Our expert says:
( at 15, I'm guessing you're NOT the "me" who posted the other question about a troubled 4-year-old son ! )
OK, for whatever reason, you have, temporarily, a low self-esteem, and/or feel shy in social settings. Having a low opinion of yourself is probably what makes you feel that you can't do anything about it, because, in fact, you can ! You recognize that you are, indeed, a very friendly person --- and most probably a nice and interesting person, too. It becomes a vicious cycle, doesn't it ? When you try to talk to someone new, you feel sure you'll be rejectedm which makes it much more likely that something won't quite work out when you try it, which adds to your certainty that you can't do it ( although you can ).
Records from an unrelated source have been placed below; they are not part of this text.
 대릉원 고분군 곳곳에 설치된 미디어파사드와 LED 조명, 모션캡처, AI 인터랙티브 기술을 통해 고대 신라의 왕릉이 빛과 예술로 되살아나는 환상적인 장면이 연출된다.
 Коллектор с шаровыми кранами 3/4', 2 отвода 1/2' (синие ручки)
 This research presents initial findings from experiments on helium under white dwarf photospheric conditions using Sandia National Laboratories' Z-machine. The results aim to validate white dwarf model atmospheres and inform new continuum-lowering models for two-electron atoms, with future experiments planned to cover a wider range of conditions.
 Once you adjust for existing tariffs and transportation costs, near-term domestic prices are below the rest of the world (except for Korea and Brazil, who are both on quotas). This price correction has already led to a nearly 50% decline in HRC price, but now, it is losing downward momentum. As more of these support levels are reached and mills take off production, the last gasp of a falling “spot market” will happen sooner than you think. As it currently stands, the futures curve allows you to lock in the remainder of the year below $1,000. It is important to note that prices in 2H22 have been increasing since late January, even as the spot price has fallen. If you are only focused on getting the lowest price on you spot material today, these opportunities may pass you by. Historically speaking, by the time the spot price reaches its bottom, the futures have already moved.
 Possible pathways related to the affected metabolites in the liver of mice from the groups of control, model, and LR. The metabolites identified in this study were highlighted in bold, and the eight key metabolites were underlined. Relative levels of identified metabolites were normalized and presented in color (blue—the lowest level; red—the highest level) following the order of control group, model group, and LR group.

There's also a bit of Catastrophizing --- you draw the false conclusion that if you were to be a bit clumsy when you start to try to be friendly to someone new, ( or if the person you chose to try with, happened to be someone with sufficiently bad taste that they didn't appreciate how nice you actually are ) tat this would be a catastrophe ! That this would be something Absolutely Awful and Dreadful and with consequences so terrible you daren't even think of them ! If the odds were actually so high, of course anyone would hesitate to try.
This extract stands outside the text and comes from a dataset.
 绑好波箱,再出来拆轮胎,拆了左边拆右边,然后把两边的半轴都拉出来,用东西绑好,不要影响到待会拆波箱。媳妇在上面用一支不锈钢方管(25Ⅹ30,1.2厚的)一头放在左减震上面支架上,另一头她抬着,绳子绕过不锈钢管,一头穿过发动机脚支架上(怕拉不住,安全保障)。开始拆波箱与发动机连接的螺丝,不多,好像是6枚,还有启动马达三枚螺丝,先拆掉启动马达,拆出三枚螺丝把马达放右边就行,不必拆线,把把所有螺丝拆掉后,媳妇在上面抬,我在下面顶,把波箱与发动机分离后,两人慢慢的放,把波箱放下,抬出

But let's look at the facts. Actually, you have no deep, dark secret to hide --- you're a thoroughly nice person, who's just shy and not yet fully confident in social settings. But there's no enormously difficult skill to chat to people about something you're both interested in, ( such as Them ! it's remarkable how interested most people are in themselves !) and taking i from there. And if it didn't work out, if they found they didn't especially like you and want to become a friend, or if you found that they were superficial or boring and you didn't want to be their friend --- so what ? It's no big deal ; there are plenty of other people in the world, and no-one is friends with them all. Indeed, most people don't actually have a large numbr of true friends. Very outgoing and sociable folks may have more acquaintances, people with whom they have a raher shallow relationship ; but not a large number of real friends.
And if one attempt to befriend someone doesn't work out too well, go on to the next one. It never means that you can't do it, just that you didn't, on this occasion. Counselling can help you to udnerstand the situation better, and to give you direct support and encouragement as you work through this hitch in your social life ; or you may manage it all on your own. Either way, don't give up, and keep trying.